■ Task instructions ■
Each record that follows should be repeated exactly, minus any images.

■ Dataset content ■
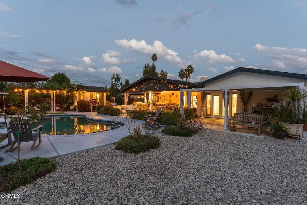 💎The Crown Jewel of Waverly Heights! 💎This completely remodeled, single -story pool home is set on an immense flat lot and offers over 2,600 square feet of refined living space with six bedrooms, five bathrooms, and dual RV accesses. The striking curb appeal features a half-circle driveway, updated fencing, manicured artificial turf, and a welcoming front patio with fire pit. Inside, real wood flooring leads to an open and bright layout centered around a stunning chef’s kitchen with stone countertops, soft-close shaker cabinetry, farmhouse sink, subway-tile backsplash, and stainless steel KitchenAid appliances including a five-burner gas range. The spacious family room features a brick fireplace and large sliding doors to the backyard. Two private wings each include a primary suite, hall bath, and two secondary bedrooms, offering the perfect setup for multi-generational living or guests. The new south-wing primary suite is exceptional with vaulted ceilings, French doors to a private patio, a luxurious bathroom with dual quartzite vanities, soaking tub, stone-tiled shower, and custom walk-in closet.Nearly $100,000 worth of upgrades include a new HVAC system and tankless water heater, smart water monitor and quake shutoff valve, new drainage and irrigation systems, electrical and structural enhancements, and a Vivint security system. The backyard is a true retreat with a massive covered patio, built-in BBQ with stainless appliances and farmhouse sink, a pebble-surfaced pool, a private outdoor bath house with vaulted ceilings and full shower, and expansive grounds with room for an ADU / Guest House or sport court. Both side yards offer RV access, one with a paved pad and sewer hookup. Ideally located near Wildwood Park’s hiking and biking trails, playgrounds, and convenient freeway access, this home is the definition of turnkey Thousand Oaks luxury.
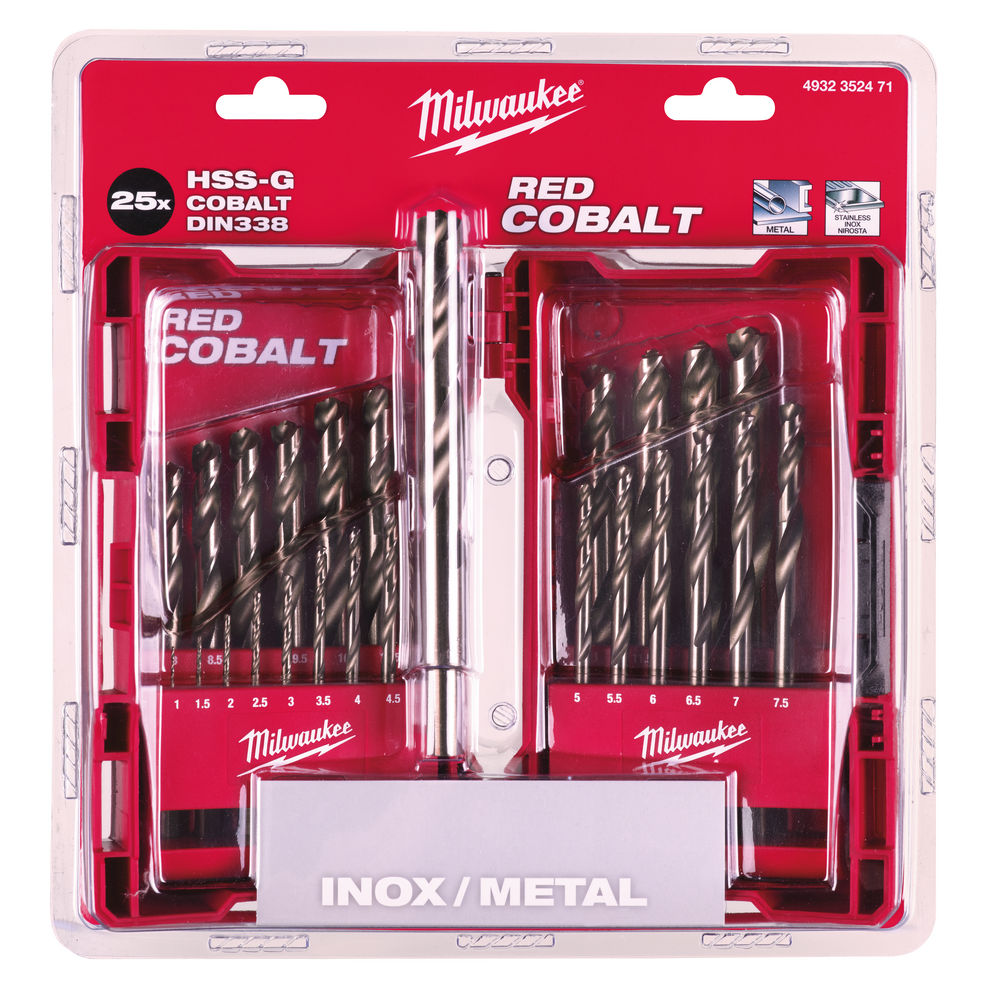 Milwaukee Red Cobalt – HSS-G Co fémfúró – DIN 338 Készlet (25 darab)
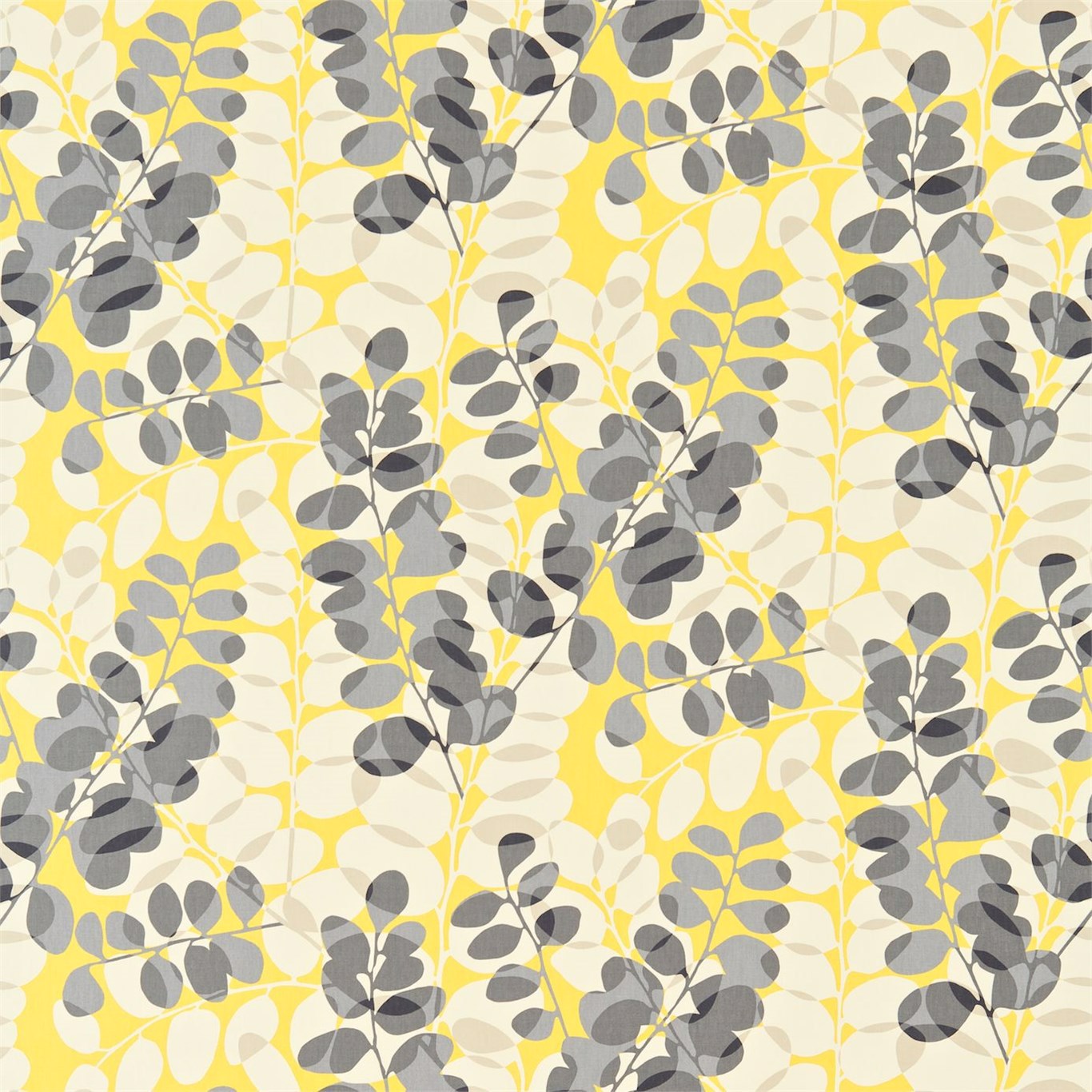 A shadowy silhouette of overlapping leaves and elegant swaying stems adorn this 100% cotton fabric, suitable for curtains, cushions and drapes.
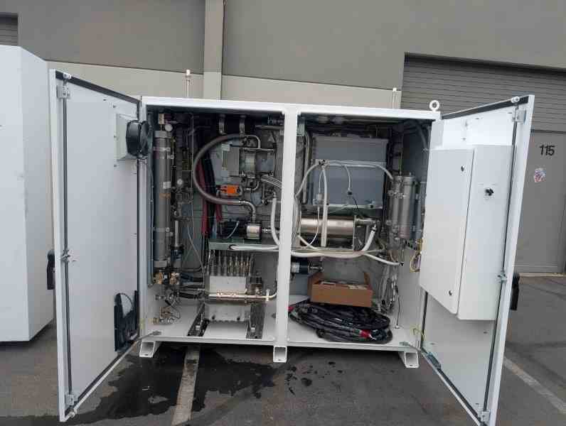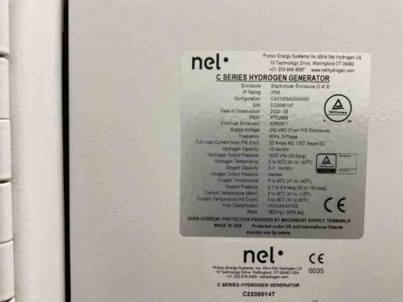 Used 10 Nm3 (380 SCF/h) hydrogen generator, manufactured by NEL. Model C-10. 99.999+% pure hydrogen production rated @435psig., consumes 6.2 kWh/Nm³ (16.3 kWh/100 SCF) power. 240V/60Hz/3Phase motor. Includes Proton Exchange Membrane (PEM) – Caustic Free. < 1 ppm v O2-Content in H2 and < 2 ppm v water content in H2. Consisting of an Electrolyser Enclosure and a power supply enclosure. Very low hours, Built 2022.
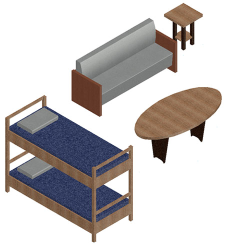 构造中包含表示建筑的几何体。它们是一些图形文件,其中包含建筑的一个独特构成部分。每个楼层至少要由一个构造表示。如果建筑大且复杂,每个楼层都要使用多个构造进行创建,例如,一个构造表示墙布置、一个构造表示隔断和家具,而另一个构造则表示构架元素。
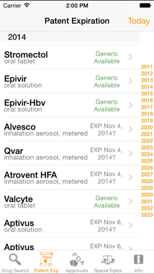 One question that frequently gets asked by both patients and health care practitioners is ‘When will a generic come out for this drug’? RxOrange can predict an expiration date based on patent and exclusivity information from the Orange Book.* It also shows brand name products that have recently gone generic, so you can stay up to date as new generics become available.
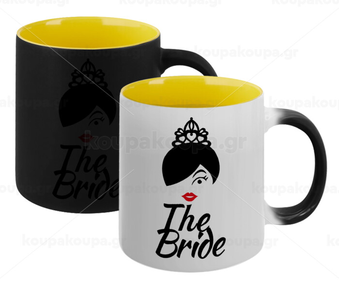 The Bride red kiss, Κούπα Μαγική εσωτερικό κίτρινη, κεραμική 330ml που αλλάζει χρώμα με το ζεστό ρόφημα
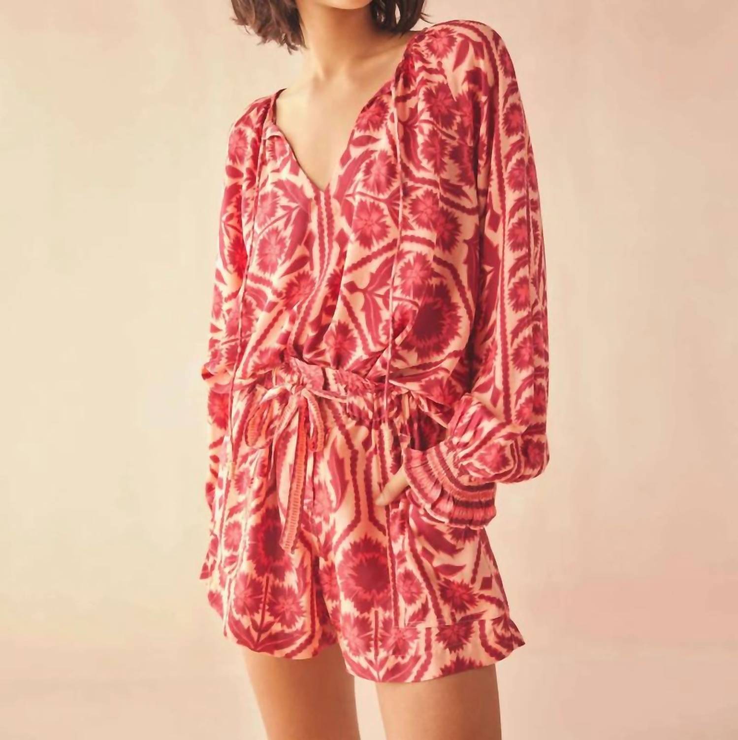 A versatile blouse that works from desk to dinner! Introducing the Riviera Blouse by OMIKA in the captivating Tessa Goji pattern, perfect for any spring wardrobe. This patterned blouse features elegant long peasant sleeves and a versatile tie closure at the draped neckline, offering an effortlessly chic v-neck option. Crafted from 100% modal, the blouse is 24 3/4" in length with a 6" neck opening from size S and boasts a drop shoulder detail for a relaxed fit. Care for this piece by machine washing and line drying to maintain its pristine condition.
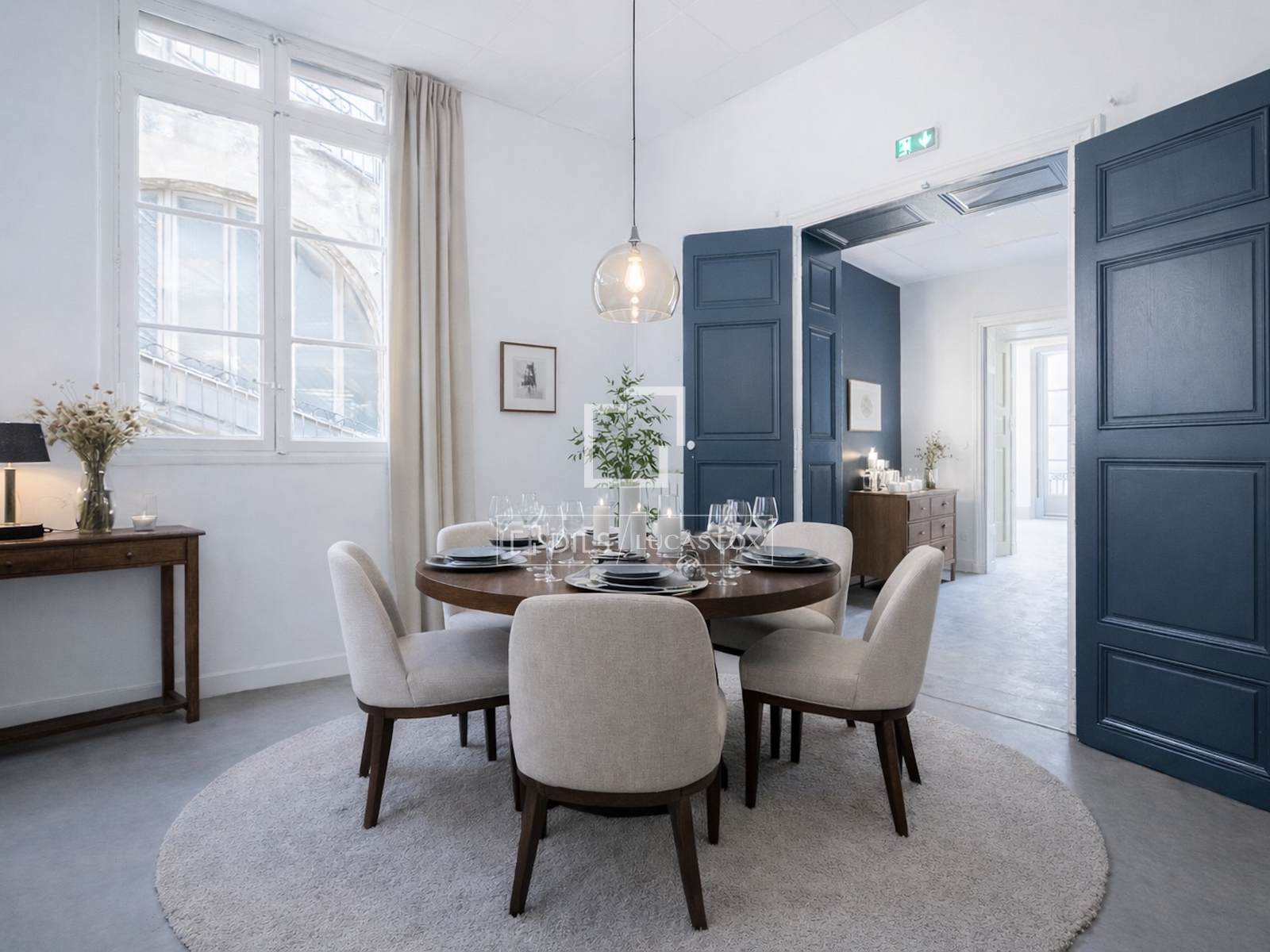 Dit uitzonderlijke appartement profiteert van grote ruimtes en hoge plafonds, kamerhoge ramen, sierlijsten, marmer en Montpellier-staven, evenals een centraal airconditioningsysteem.
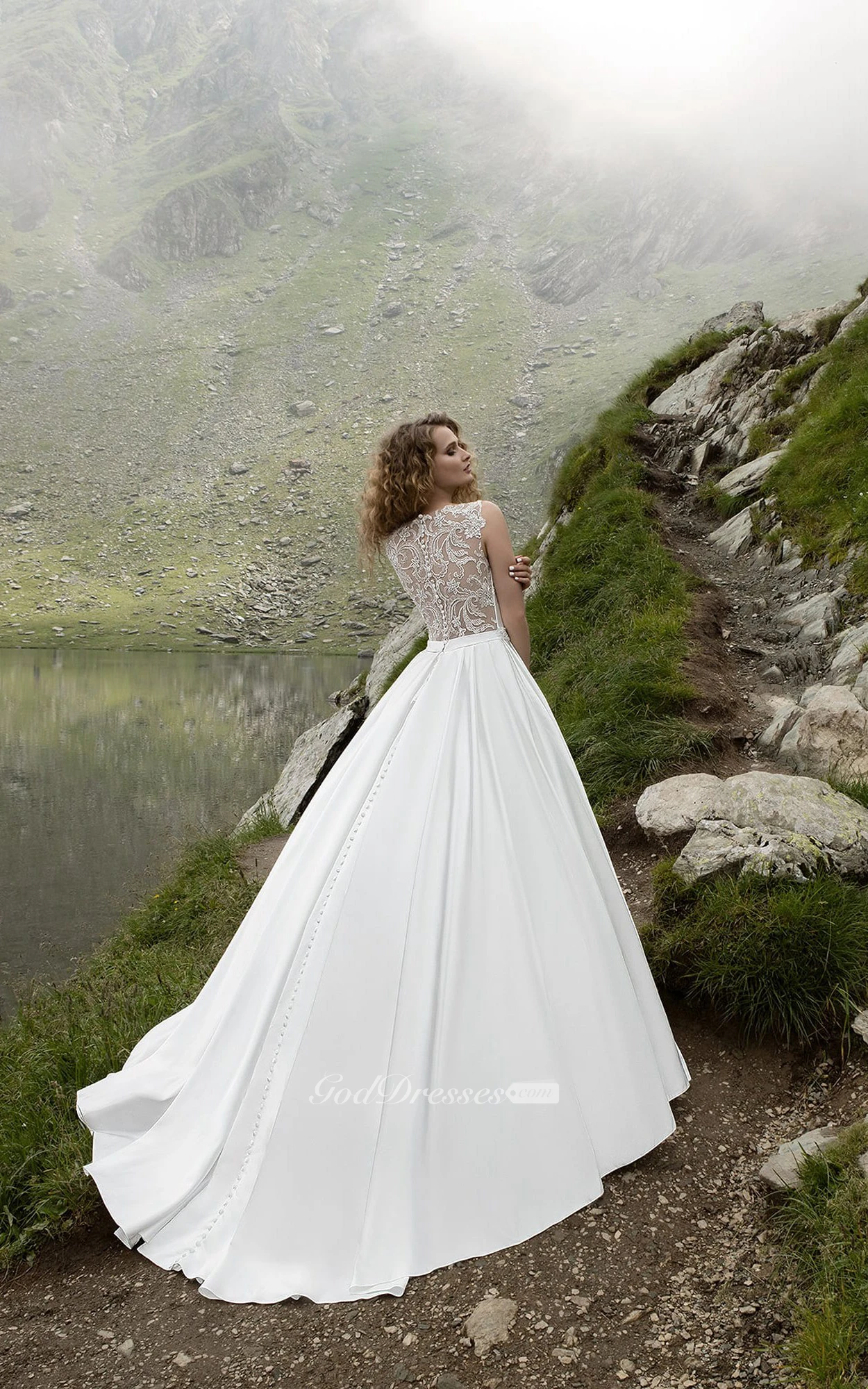Sexy Illusion Back Satin A-line Dress With Crystal Detailing

■ Reply to the task ■
 💎The Crown Jewel of Waverly Heights! 💎This completely remodeled, single -story pool home is set on an immense flat lot and offers over 2,600 square feet of refined living space with six bedrooms, five bathrooms, and dual RV accesses. The striking curb appeal features a half-circle driveway, updated fencing, manicured artificial turf, and a welcoming front patio with fire pit. Inside, real wood flooring leads to an open and bright layout centered around a stunning chef’s kitchen with stone countertops, soft-close shaker cabinetry, farmhouse sink, subway-tile backsplash, and stainless steel KitchenAid appliances including a five-burner gas range. The spacious family room features a brick fireplace and large sliding doors to the backyard. Two private wings each include a primary suite, hall bath, and two secondary bedrooms, offering the perfect setup for multi-generational living or guests. The new south-wing primary suite is exceptional with vaulted ceilings, French doors to a private patio, a luxurious bathroom with dual quartzite vanities, soaking tub, stone-tiled shower, and custom walk-in closet.Nearly $100,000 worth of upgrades include a new HVAC system and tankless water heater, smart water monitor and quake shutoff valve, new drainage and irrigation systems, electrical and structural enhancements, and a Vivint security system. The backyard is a true retreat with a massive covered patio, built-in BBQ with stainless appliances and farmhouse sink, a pebble-surfaced pool, a private outdoor bath house with vaulted ceilings and full shower, and expansive grounds with room for an ADU / Guest House or sport court. Both side yards offer RV access, one with a paved pad and sewer hookup. Ideally located near Wildwood Park’s hiking and biking trails, playgrounds, and convenient freeway access, this home is the definition of turnkey Thousand Oaks luxury.
 Milwaukee Red Cobalt – HSS-G Co fémfúró – DIN 338 Készlet (25 darab)
 A shadowy silhouette of overlapping leaves and elegant swaying stems adorn this 100% cotton fabric, suitable for curtains, cushions and drapes.
 Used 10 Nm3 (380 SCF/h) hydrogen generator, manufactured by NEL. Model C-10. 99.999+% pure hydrogen production rated @435psig., consumes 6.2 kWh/Nm³ (16.3 kWh/100 SCF) power. 240V/60Hz/3Phase motor. Includes Proton Exchange Membrane (PEM) – Caustic Free. < 1 ppm v O2-Content in H2 and < 2 ppm v water content in H2. Consisting of an Electrolyser Enclosure and a power supply enclosure. Very low hours, Built 2022.
 构造中包含表示建筑的几何体。它们是一些图形文件,其中包含建筑的一个独特构成部分。每个楼层至少要由一个构造表示。如果建筑大且复杂,每个楼层都要使用多个构造进行创建,例如,一个构造表示墙布置、一个构造表示隔断和家具,而另一个构造则表示构架元素。
 One question that frequently gets asked by both patients and health care practitioners is ‘When will a generic come out for this drug’? RxOrange can predict an expiration date based on patent and exclusivity information from the Orange Book.* It also shows brand name products that have recently gone generic, so you can stay up to date as new generics become available.
 The Bride red kiss, Κούπα Μαγική εσωτερικό κίτρινη, κεραμική 330ml που αλλάζει χρώμα με το ζεστό ρόφημα
 A versatile blouse that works from desk to dinner! Introducing the Riviera Blouse by OMIKA in the captivating Tessa Goji pattern, perfect for any spring wardrobe. This patterned blouse features elegant long peasant sleeves and a versatile tie closure at the draped neckline, offering an effortlessly chic v-neck option. Crafted from 100% modal, the blouse is 24 3/4" in length with a 6" neck opening from size S and boasts a drop shoulder detail for a relaxed fit. Care for this piece by machine washing and line drying to maintain its pristine condition.
 Dit uitzonderlijke appartement profiteert van grote ruimtes en hoge plafonds, kamerhoge ramen, sierlijsten, marmer en Montpellier-staven, evenals een centraal airconditioningsysteem.
Sexy Illusion Back Satin A-line Dress With Crystal Detailing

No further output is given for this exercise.